Well, I say: tax payers’ money is already widely used all over the public sector, to compensate product and service providers that make profits.
Defence industry products, busses and trains for public transports, medicines in health care and coffee to the local treasury staff, just to pick a few examples, are all produced by profitable private companies, paid by public funding – and are viewed as natural.
And why is it OK to let tax payers’ money finance private, profitable companies that put up the school buildings or produce the textbooks – but not allowing profits for those who, out of the same public budget, organize and offer the education in itself?
Without allowing, and welcoming, a profit motive in publicly funded education, there will be no innovation, no spreading of pedagogical progress and no improvement of results.
As a tax payer, I want value for the money that I pay to finance public services.

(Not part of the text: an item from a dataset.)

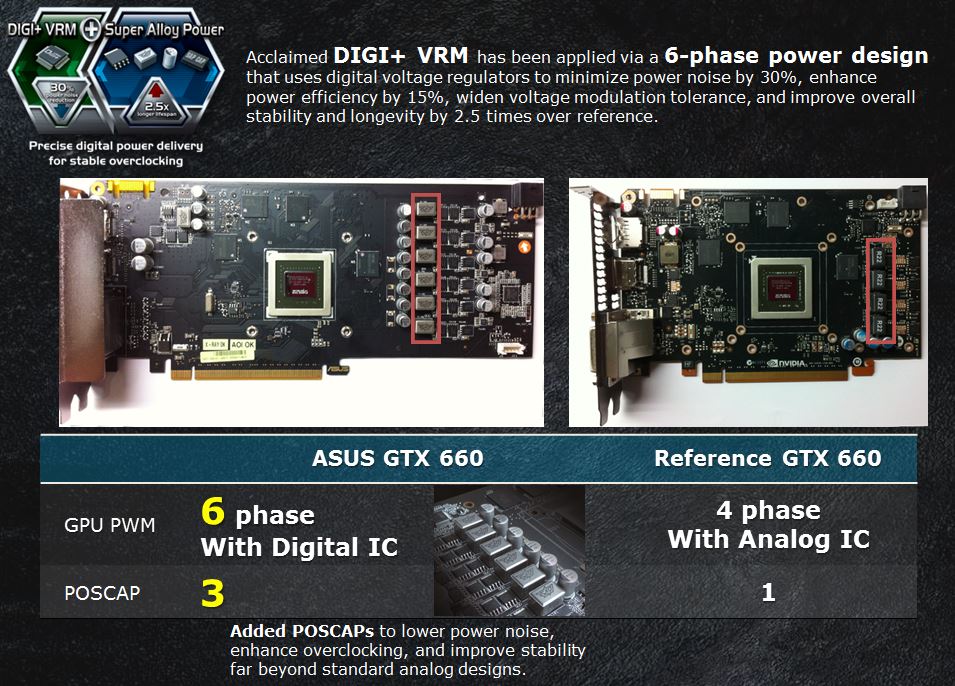 Here we see a comparison from a reference model GTX 660, which utilizes a 4 Phase analog design VRM with a single POSCAP in place. The DIGI+ version is a 6 Phase design with 3 POSCAPs to ensure no shortage of power or no conceivable way the GPU or components could be left wanting more under a heavy load situation. The Digital controller is one thing that many neglect to look at and with such control it is worth noting that there is no compromise for voltage accuracy and also efficiency as components are much more tightly regulated to ensure a solid and efficient VRM.

In education, value for money is that students get knowledge and skills necessary for building a good life for themselves and society.
If certain schools make profits from over-performing those who don’t make profit, I prefer my tax money to be transformed into operations profitable in two ways: to the owners – and to society.
I think that the Swedish independent school example shows that the profit motive has given such innovation and improvement of the education, that politicians should consider forcing all public schools to strive for profits too!
But that’s a topic for another speech.
Thank you very much, again, for the invitation – and for your attention!